# Comfortably Numb.



## Vulcan (May 2, 2010)

Here is a new story that I've started. I'm following a very Stephen King school of thought right now which is 'making it up as I go along.' I don't mean to take away all faith in any readership that I have, but I can't tell you how this is going to pan out, I only hope that I'm able to finish it and entertain to some extent. If you read this chapter, I will of course be in your debt forever, and will probably love you for a long time. I would sell my soul, but I've already come across the wandering Jew and he insisted on having it, saying something about it being his only means of survival as he wanders so much that its impossible for him to maintain any normal sort of livelihood.

Hope you like it and any constructive criticism would be appreciated. Nodding your head and saying you love it is fine too. So is rejecting it and calling it an absolute disgrace to the likes of Shakespeare and Milton, who will not only be turning in their graves, but probably clawing at the ground above them in an attempt to strangle such a mockery of language. On a serious note, I would really appreciate your views because at the end of the day, you're the audience and the most important thing.

(For those interested in the length, this first chapter is about 2500 words long - approximately 5 pages on Word.)

**************

There was nothing quite like waking up to the 23rd of March. Somehow, it was different to all the rest. It was better than yesterday, Jonathan knew, because that had been a particularly mundane and disappointing day. The beginning of spring, however, could have stirred anyone of his disposition into jovial exuberance; which it did. He was after all alive, praise Jesus, and he had embraced this fact by leaping out of bed and opening his window to the sounds of birds singing earnestly. Cocking his head outside the window-frame, Jonathan yelled into the morning sky and celebrated the extravagance of the scene before him, which was less picturesque than his imagination suggested. Perhaps fortunate on his part, his moment of madness was overcome by the conifers that obscured his view, rendering him totally oblivious to anything that rested beyond its overarching branches.

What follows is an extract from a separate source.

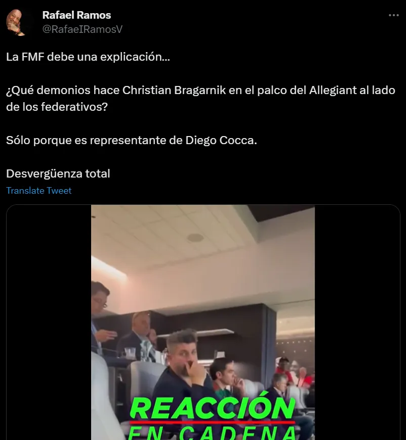Rafael Ramos no dejó pasar la oportunidad de pegarle un palazo a los directivos de la FMF. “¿Qué demonios hace Christian Bragarnik en el palco del Allegiant al lado de los federativos?”, tuiteó el comunicador que trabaja para ESPN.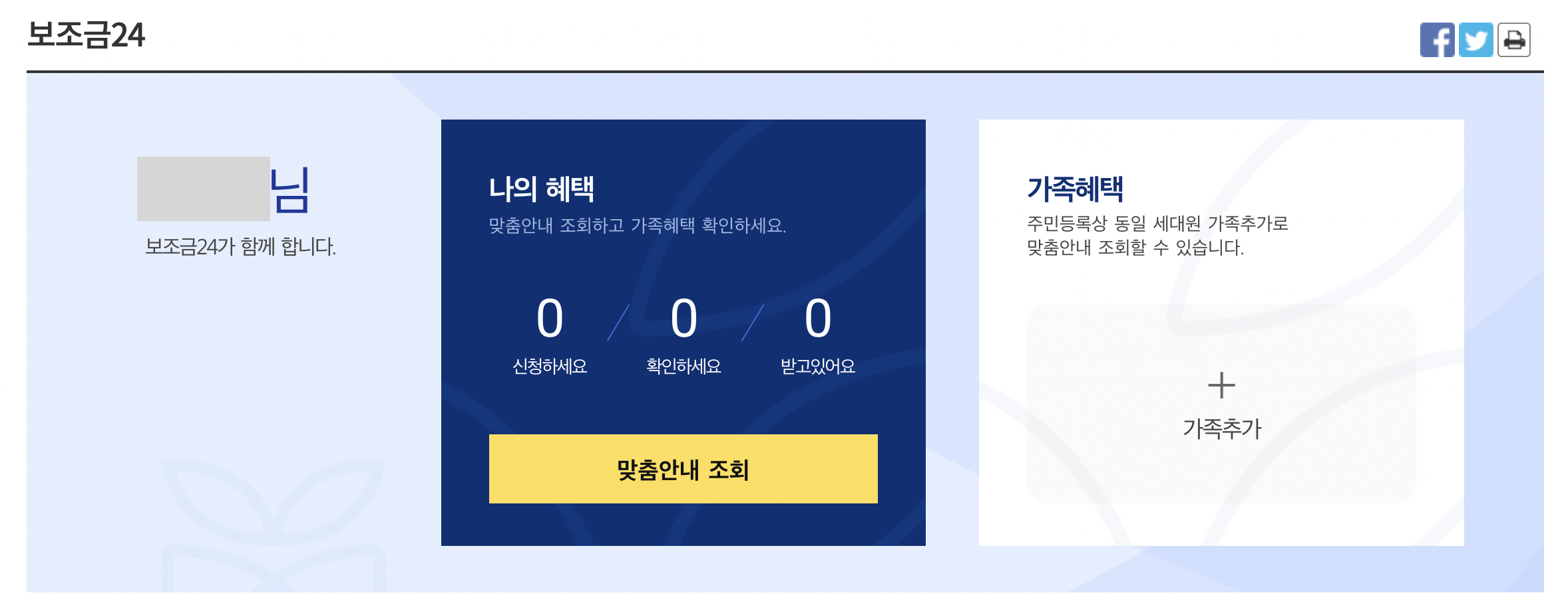 로그인을 하면 대상이 되는 보조금이 조회됩니다. 대상 보조금이 없다고 하더라도 내가 별도로 신청하여야 하는 보조금이 있을 수 있으니 보조금 신청을 상세 검색해보시길 추천드립니다.

Whistling heartily, he wrestled through the numerous boxes scattered across his landing and gripped the railings of the stairs purposely. ‘Oh, what a glorious day! I don’t know why I’m so cheerful today, it must be the weather!’. It is unclear as to whether this was said with a touch of irony as, while it may have passed into the season of optimism and lighter skies, it was certainly not fulfilling any of its duties. If anything, it was more wintry and miserable than it had been in months, because today was not a good day to have awoken. Thursdays were never days to be championed, for nothing ever remarkable happened on a Thursday. It was not particularly a bad day either, it was simply very forgettable. Yet Jonathan, oblivious to this apparent truth or just unwilling to hear any different was determined to make this more memorable than the others. This, it should be noted, would not be difficult to achieve. Indeed, walking from one end of the street to the other would undoubtedly be more exhilarating than anything Jonathan had experienced and most probably every other day of the week too.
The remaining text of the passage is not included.